The direct hourly rate works out to Rs.2.0 per hour and the overhead rate is 100% of direct labor cost. The Appliances Plant works at capacity. The total direct labor in the Appliances Plant is Rs.25 crores and overheads amount to Rs.25 crores. If any time they have spare capacity, they do undertake job work which is charged to outside parties at actual cost of labor and overhead plus 50% as profit margin. About Rs.8 crores of the inventory carried by the Appliances Plant represents the work undertaken for the Toys Plant. The parts received from the Appliances Plant were further processed in the Toys Plant spending an amount of Rs.8 crores per year before they are finally sold for Rs.62 crores at a gross profit margin of about 35%. These parts in the past were purchased from an outside

firm M/s. MKK Engineering at material cost plus Rs.12 per labor hour inclusive of their margin. In view of the high cost involved, the Toy Plant asked the Appliances Plant to expand its facilities so as to take care of all the internal requirements. On the basis of the above data, Mr. Potey developed three approaches as outlined in Exhibit 1 and presented them at the meeting inviting questions involving clarifications of the concepts described therein. He listed the following as the potential areas of trouble shooting and was fully prepared to face the situation. Areas of Trouble Shooting 1. Under Approach A, is it not fair to include an element of profit also to the capital interest charge? 2. As the capital interest gets added to the cost at each plant the total cost finally charged to the receiving plant gets inflated with the result it may be difficult to sell the final product if the market is competitive. Is it not true? 3. Under Approach B how do you determine the opportunity cost if the product were such that it could not be obtained from any other source?
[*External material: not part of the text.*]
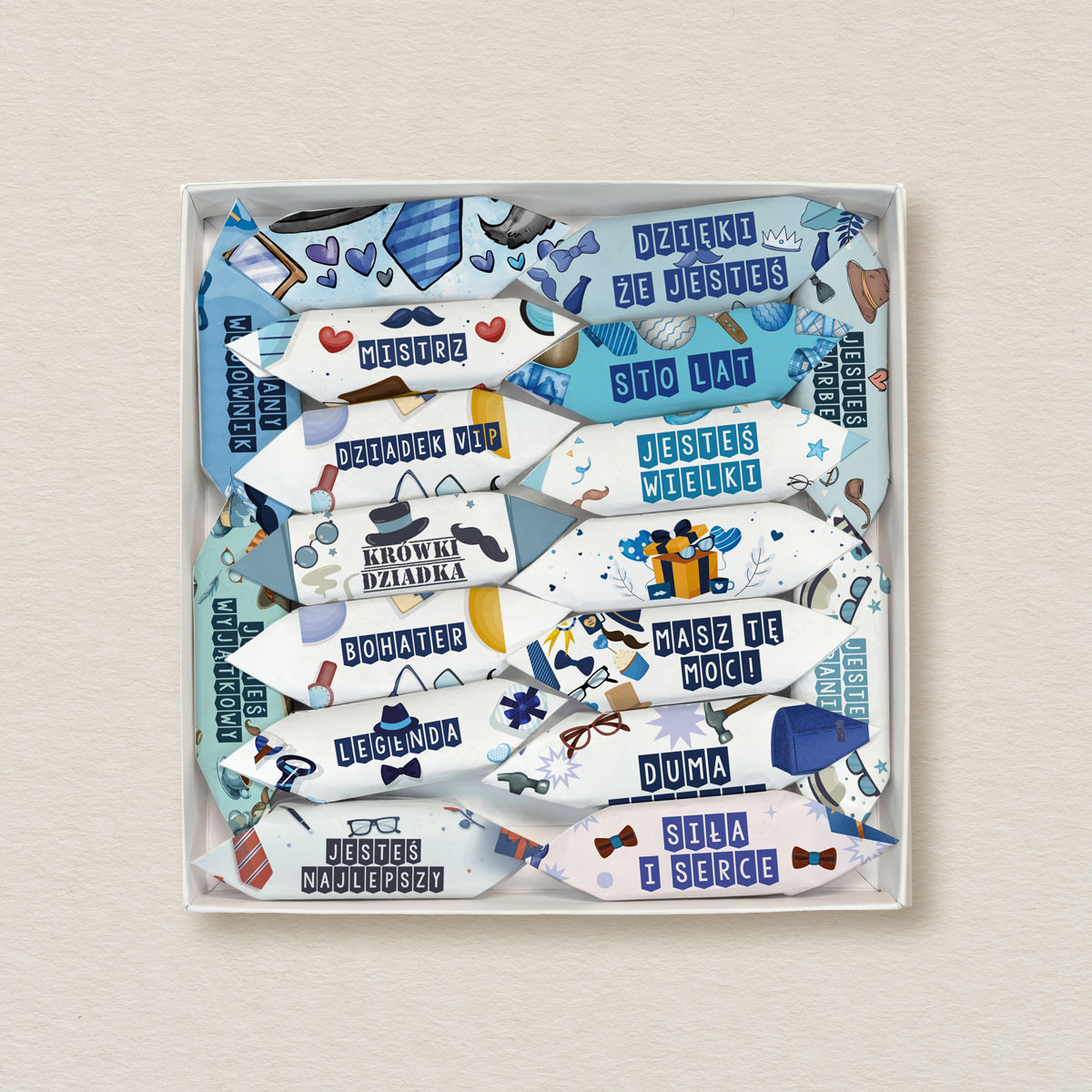Dzień dziadka – Krówki z życzeniami w kwadratowym pudełku

4. Once a commitment is made to buy from one plant internally, really speaking the plant which buys in-effect loses the opportunity of exploring alternative sources on cost considerations because the physical facilities once set up in the supplying division cannot be dismantled in another year. 5. In Approach C, the margin is allocated to the divisions in the proportion of standard costs. It is not clear whether the margin is also standard margin or actual margin ? 6. Where you cannot identify the margin on the parts supplied by one division what should be done? For example, the parts used in the fabrication of the finished products form a small part of the total cost of finished products and the margin is obtained on the sale of the finished products. 1. Where the goods supplied by one division to another are never sold to outside parties i.e., when goods are consumed internally as capital expenditure, what should be done? 8. Under Approach B, where a division has the opportunity of buying from outside at a very low price and yet it continues to buy from one of the divisions of the company at the opportunity cost price, the supplying division whose costs are greater than the low market price is bound to lose. Will it be fair to the supplying division and to the company?